Dans
l’Introduction à l’Anthropologie, Foucault rend hommage à l’
Anthropologie « pragmatique
» de Kant, malgré la critique acérée qu’il adresse à l’« anthropologie philosophique »
post-kantienne. Car, loin de faire jouer le rôle d’une
Critique à la connaissance empirique de
l’homme, Kant s’y interroge sur les divers aspects du rapport à soi des sujets en mobilisant le
concept d’« usage » (
Gebrauch), qu’il saisit à la fois au niveau de l’« art » (
Kunst) et du « langage
» (
Sprache) : ce sont ces « usages » qui constituent autant de systèmes régulateurs, sans
cesse renouvelés, de la connaissance et du comportement des « citoyens du monde ». L’
Anthropologie
« répète » ainsi la
Critique de la Raison pure et la
Critique de la Raison pratique
au niveau empirique des hommes dans le monde, tout en évitant la confusion entre l’
a priori
et l’
originaire.
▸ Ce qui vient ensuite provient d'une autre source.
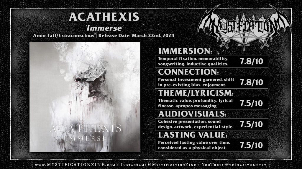 Acathexis is an atmospheric black metal trio from the main fellowes behind Mare Cognitum, Los Males del Mundo, and Déhà wherein they’ve returned beyond their 2018 debut LP for another set of four longform pieces which replicate the sound, fury and feeling of that debut. In fact they’ve made a point to suggest that nothing has drastically changed in their approach to this run-on style of atmospheric black metal which streams thick and cacophonic, cold and rushing along with some intermittent bursts of subtle melodic interest. In direct comparison with their first album I’d found the lead guitar work shows some clear improvement here and this quickly leads to some charming pockets of interest on the first and fourth songs. The album has an effective enough droning effect and, as its title suggests, one of the strongest qualities of their work is its immersive value. Though I’d not found the full listen a lasting fixation I did appreciate the different stylistic underpinning threaded through each piece which’d helped to differentiate each.
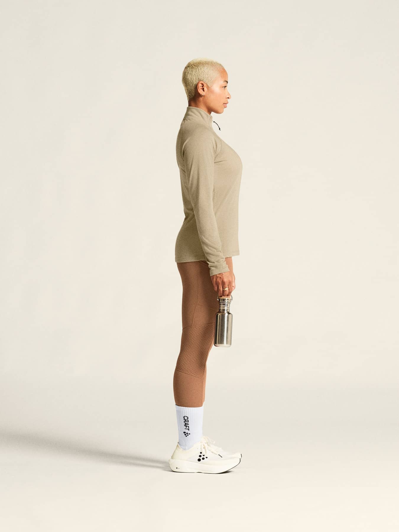 Body: 80% Polyester (recycelt) 20% Wolle (Merino) Einsatz Rückseite: 93% Polyester (recycelt) 7% Elastan
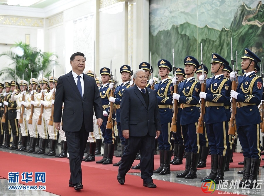 [url=] [/url]' h! n$ C0 ~) h+ _ 11月1日,國(guó)家主席習(xí)近平在北京人民大會(huì)堂同薩爾瓦多總統(tǒng)桑切斯舉行會(huì)談。這是會(huì)談前,習(xí)近平在人民大會(huì)堂北大廳為桑切斯舉行歡迎儀式?!⌒氯A社記者申宏攝 新華社北京11月 ...
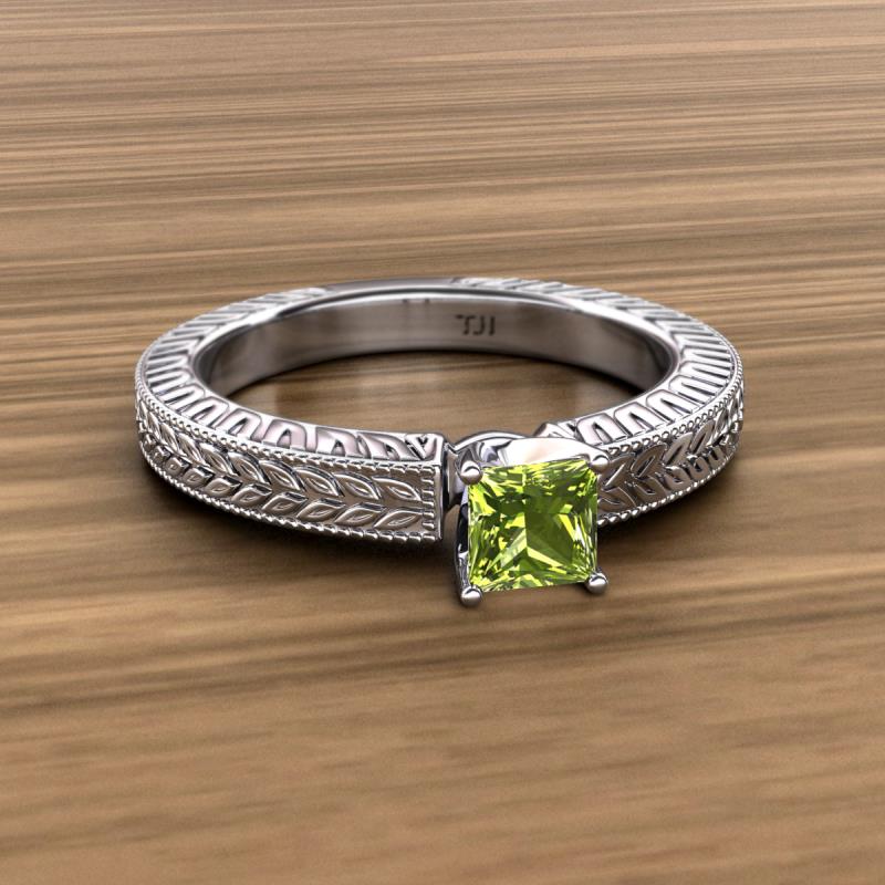 This vintage style 1.20 ct Solitaire Ring is sure to please any bride-to-be with a gleaming Princess cut Peridot which enhances the graceful leaf work engraved on the shank including a milgrain finish that adorn this entire Ring.
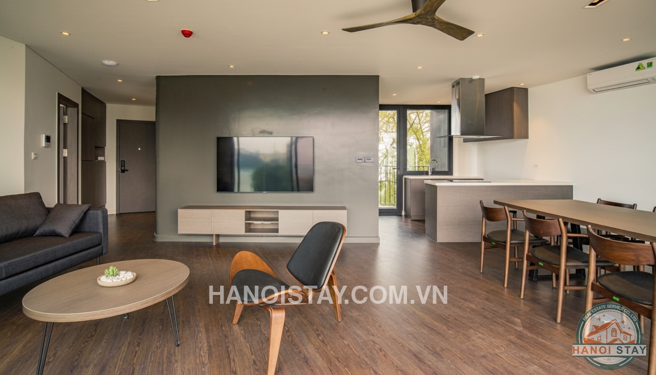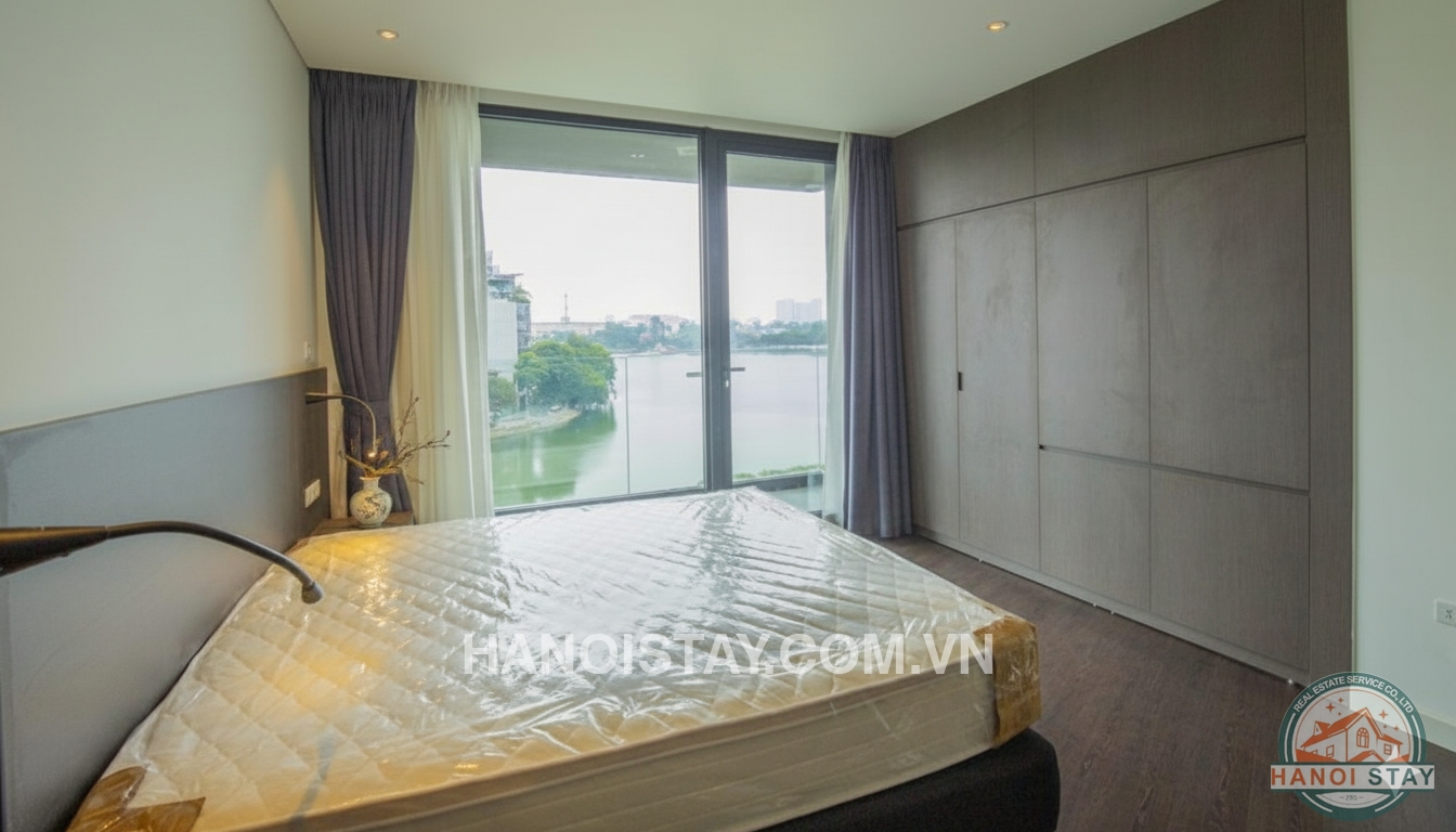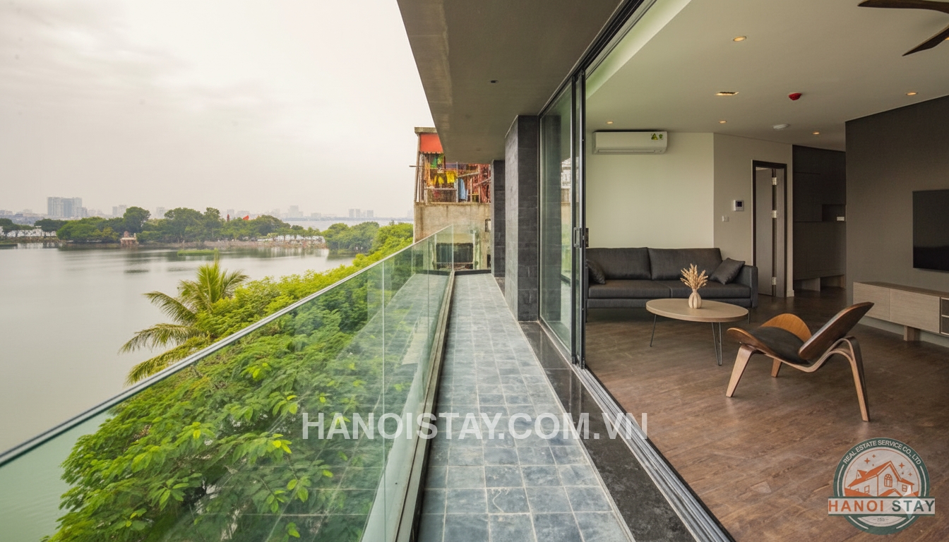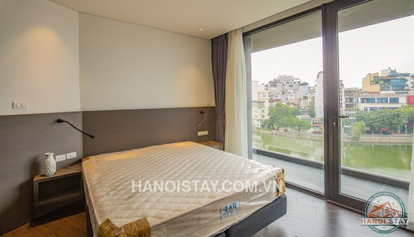 Lake view 2 bedroom apartment for rent in Truc Bach, Ba Dinh – a modern, fully furnished home with breathtaking lake views right from your living room. This stylish apartment features floor‑to‑ceiling glass walls that fill the space with natural light and create a relaxing atmosphere, perfect for unwinding after a busy day in Hanoi. The open‑plan living and dining area is fitted with high‑quality wooden flooring, a comfortable sofa, a large smart TV, and elegant furniture, so you can move in and enjoy your new home immediately.
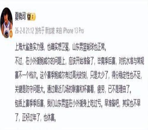 那么,山东男篮到底输在哪里了呢?赛后,山东媒体人夏晓司在社交平台给出了自己的答案。
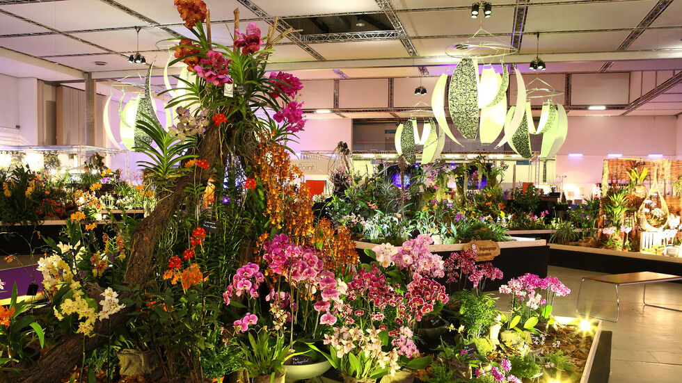 In Halle 1 können Besucher einer der größten und bedeutendsten Orchideenschauen Europas erleben. Hunderttausend Blüten aus aller Welt sind beeindruckend und abenteuerlich arrangiert.
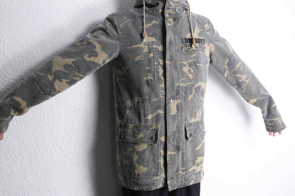 2000年代白タグのStussyのコットンキャンバス地のカモ柄ジャケット。同ブランドであまりカモ柄のイメージがなかった為新鮮な印象を受けます。
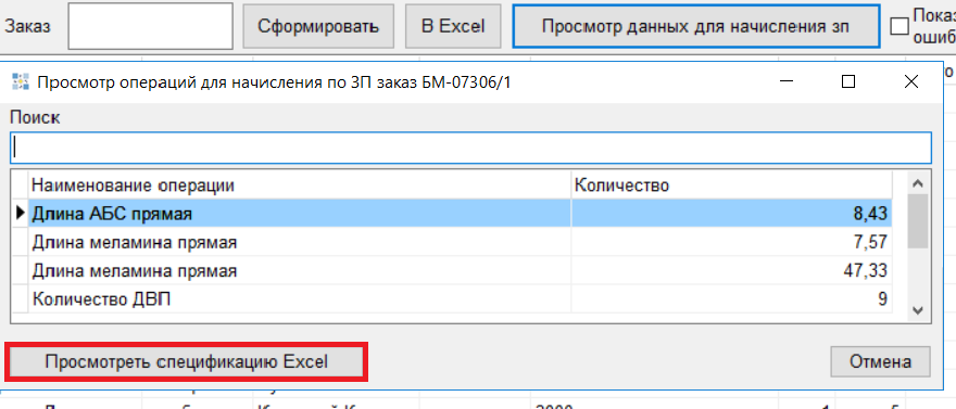 4. В производственной зарплате (новая) при нажатии кнопки "Просмотр данных для начисления зп" в открывшемся окне добавлена кнопка "Просмотреть спецификацию Excel". При нажатии на данную кнопку открывается файл Спецификации Excel, если он приложен к Заказу. (#7820)
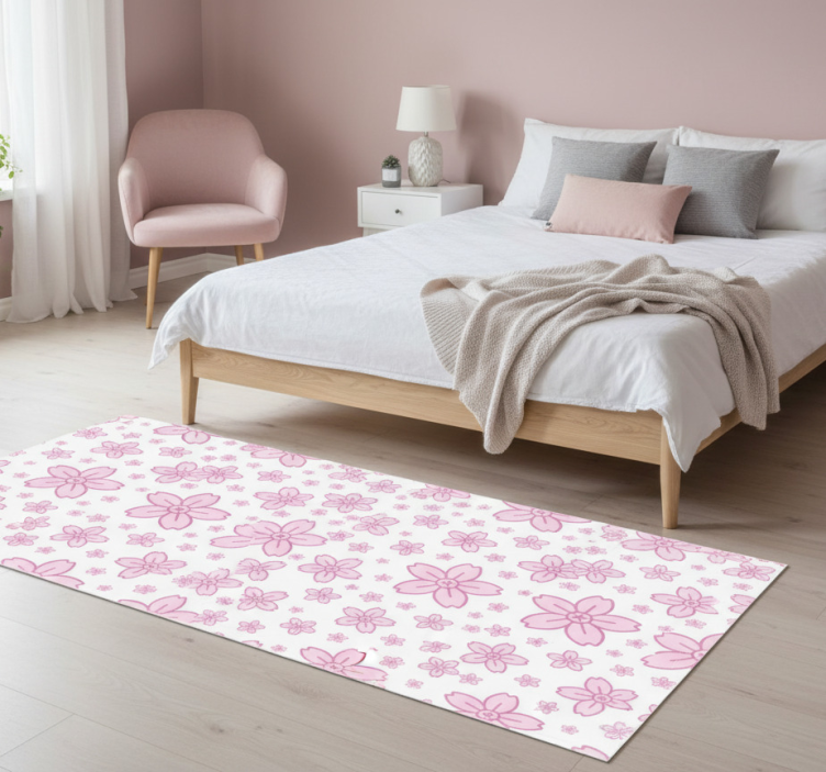 資訊 卧室乙烯基地毯带白色背景的小粉花
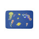 Ce joli matelas coloré ravira votre salle de bain avec une touche exotique. Cheval de mer coloré, méduses et poissons nageant dans une mer très bleue. Toutes les images sont personnalisables et la couleur arrière - plan peut être modifiée.

Et elle ouvre en même temps la voie à la « philosophie transcendantale » de
l’
Opus postumum, dans laquelle la « finitude » humaine est définie comme le « pli » de la « totalité
» (Ganz) : source de la « temporalité » et de la « dispersion », cette auto-affection du
« monde » offre le fondement du rapport à la « vérité » et à la « liberté » des hommes. En remaniant
ainsi l’interprétation ontologique de Kant selon le Heidegger du
Kant Buch, Foucault
s’écarte de la perspective heidegerrienne et se revendique de l’anthropologie kantienne,
pour s’orienter vers la « critique historique », dont l’ « archéologie du savoir » et la « généalogie
du pouvoir » seront des avatars ultérieurs.